OpenAI accused DeepSeek of traini

April 4, 2026 · AI News

In January 2025, DeepSeek R1 dropped and the AI industry took notice. The performance was solid, and the development cost was suspiciously low. Then a different kind of question surfaced: “Did they train on ChatGPT outputs?”

OpenAI and Microsoft were the first to raise the alarm. Their claim: DeepSeek used ChatGPT’s outputs as training data through systematic scraping. By February 2026, OpenAI had submitted a formal memo to the US Congress China Select Committee. This was no longer a corporate spat. It had become a political issue.

The technical mechanism at the center of this controversy is called “distillation.” Here’s a simple analogy: imagine ordering from a famous restaurant every day, meticulously analyzing every dish, then reverse-engineering the recipes for your own menu. You never stole the recipe book, but you systematically replicated the results.

Key takeaways

– Jan 2025: DeepSeek R1 launched; OpenAI and Microsoft alleged ChatGPT output training
– Feb 12, 2026: OpenAI submitted formal memo to US Congress China Select Committee
– Feb 24, 2026: Anthropic also accused DeepSeek, Moonshot AI, and MiniMax of coordinated distillation
– Core technique “distillation”: training smaller models on outputs from larger models

DeepSeek vs OpenAI distillation controversy timeline infographic
DeepSeek-OpenAI distillation controversy timeline / GoCodeLab
I automated my entire Claude workflow. Here is how.Lazy Developer EP.01 →

What is distillation, and why is it controversial?

Distillation is a technique where a large AI model’s outputs are used as training data for a smaller model. The large model is the “teacher,” and the small model is the “student.” Feed millions of prompts to the teacher, collect its responses, and train the student on that data. The student learns to mimic the teacher’s behavior at a fraction of the cost.

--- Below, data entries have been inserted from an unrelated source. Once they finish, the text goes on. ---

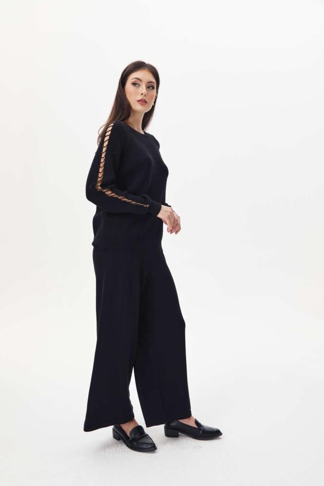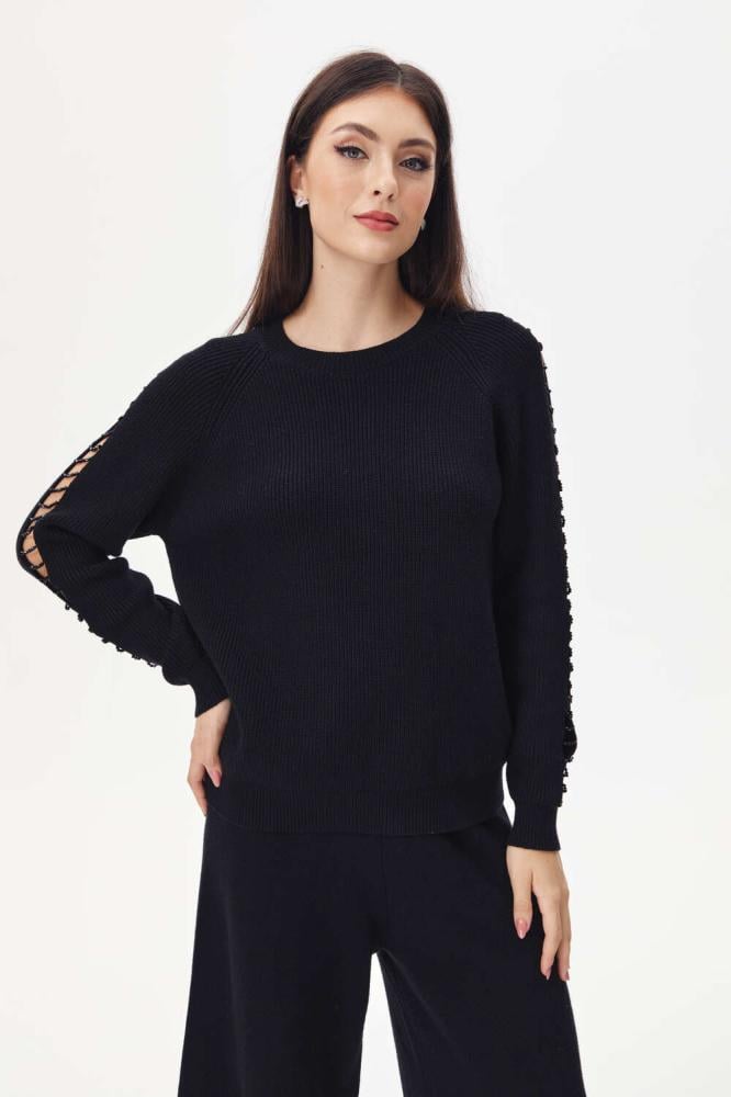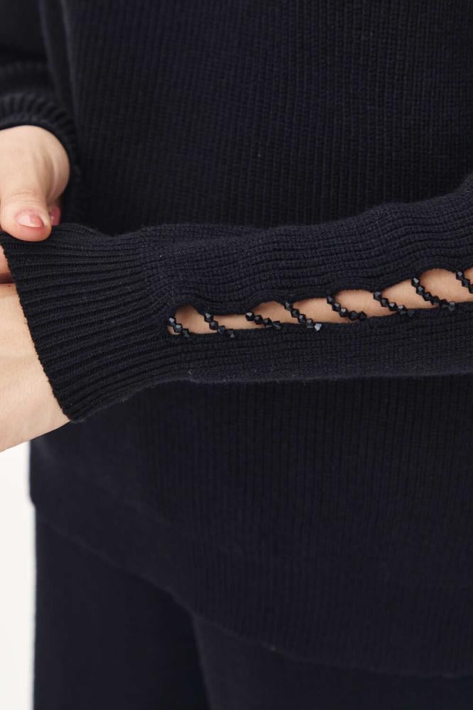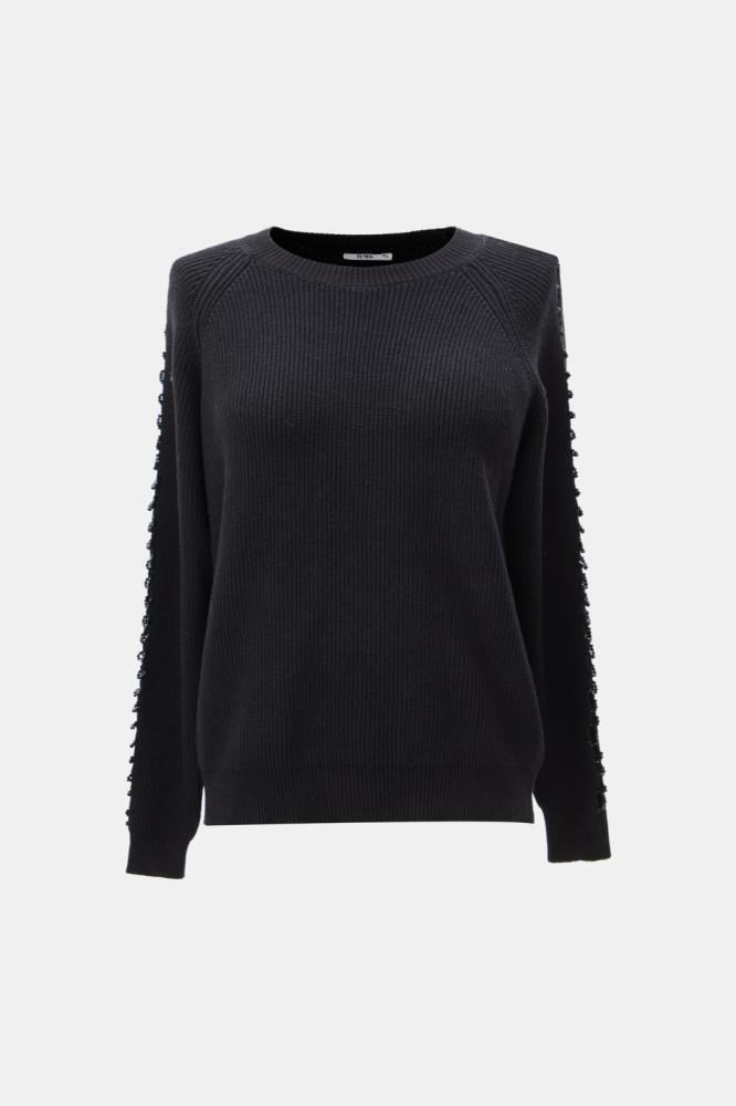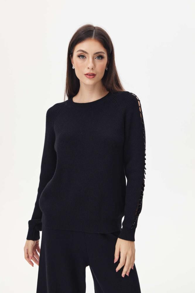أضيفي هذا القطعة المميزه لمجموعة ملابسك الشتوية وتمتعي بأفضل شعور بالدفء والأناقة أثناء طلعاتك الخارجية في الأجواء الباردة. بلوزة محبوكة بياقة مستديرة وبأكمام طويلة مفتوحة ومزينة بالخرز البراق وتأتي بقصة واسعة
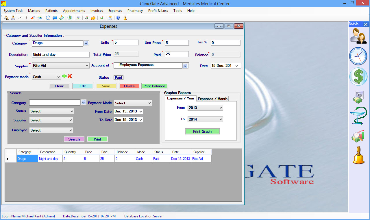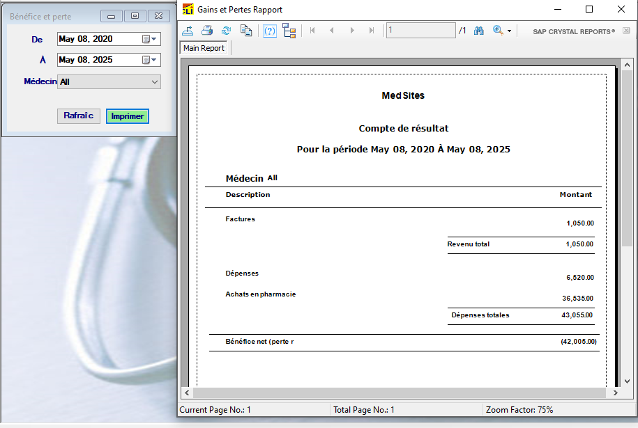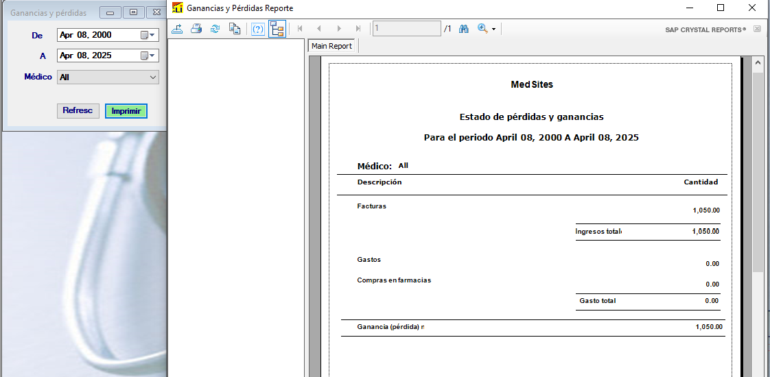 Ver e imprimir las ganancias y pérdidas diarias, mensuales y anuales de los médicos Pérdidas
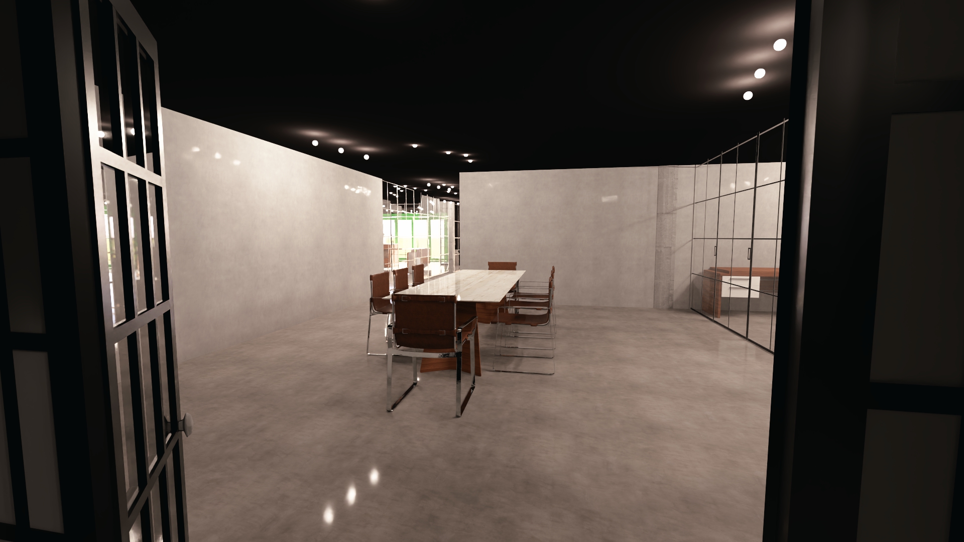 film production office golden framed mirrors on left and front wall grey floor concrete walls and columns black framed glass doors light up interior add floor lamps with cloth white shades all technical lights change to erco light much more add chandelier with shade above big table
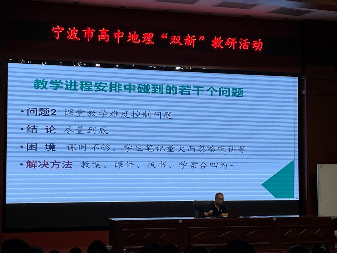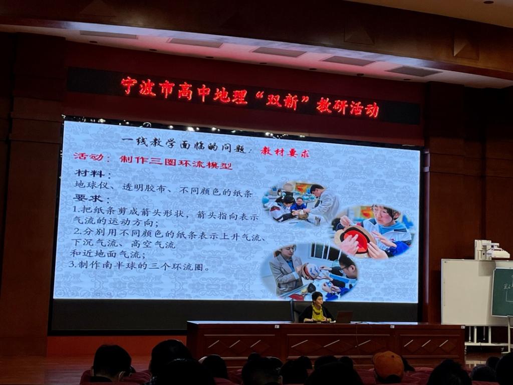 本次教研活动主要探讨人教版高中地理新教材实施过程中存在的各类疑难问题。活动分为两部分,上午为公开授课与评课议课,下午为教研主题讲座,宁波市教研员郑宇醒老师全程主持,并对本次教研活动进行了点评和总结。

Here’s the restaurant analogy in full. A master chef spends years perfecting recipes. You order from the restaurant hundreds of times, photograph every dish, analyze the ingredients, and reverse-engineer the cooking process. You never stole the recipe book. But you systematically replicated the output. Is that theft? It depends on who you ask.

Distillation itself is a standard technique. OpenAI distills GPT-4 into GPT-4o mini. Google distills Gemini into Gemma. Meta does the same with Llama. The issue is doing it to someone else’s model without permission. That’s where the legal line gets blurry.

What happened with DeepSeek R1?

In January 2025, Chinese AI startup DeepSeek released R1, an open-source model under the MIT license. It approached GPT-4-level reasoning performance at a dramatically lower development cost. The AI industry immediately asked: how?

OpenAI and Microsoft launched internal investigations. According to their claims, DeepSeek employees developed code specifically designed to circumvent ChatGPT’s access restrictions. They allegedly used obfuscated third-party routers to scrape model outputs at scale. Those outputs were then used as training data for distillation.

DeepSeek denied all allegations, maintaining that R1 was trained using independent data and methodology. Neither side’s claims have been independently verified.

OpenAI’s congressional memo

On February 12, 2026, OpenAI submitted a formal memo to the US Congress China Select Committee. The framing was deliberate: this wasn’t just a corporate dispute. It was a national security matter.

The memo made three core claims. First, DeepSeek employees built custom code to bypass API access restrictions. Second, they routed requests through obfuscated third-party proxies for mass scraping. Third, they used the collected outputs as distillation training data.

Why go to Congress?
AI technology leakage isn’t just a copyright issue from the US government’s perspective. It’s a national security concern involving billions of dollars in R&D. A bipartisan bill to ban Chinese AI systems from federal agencies was already introduced in June 2025.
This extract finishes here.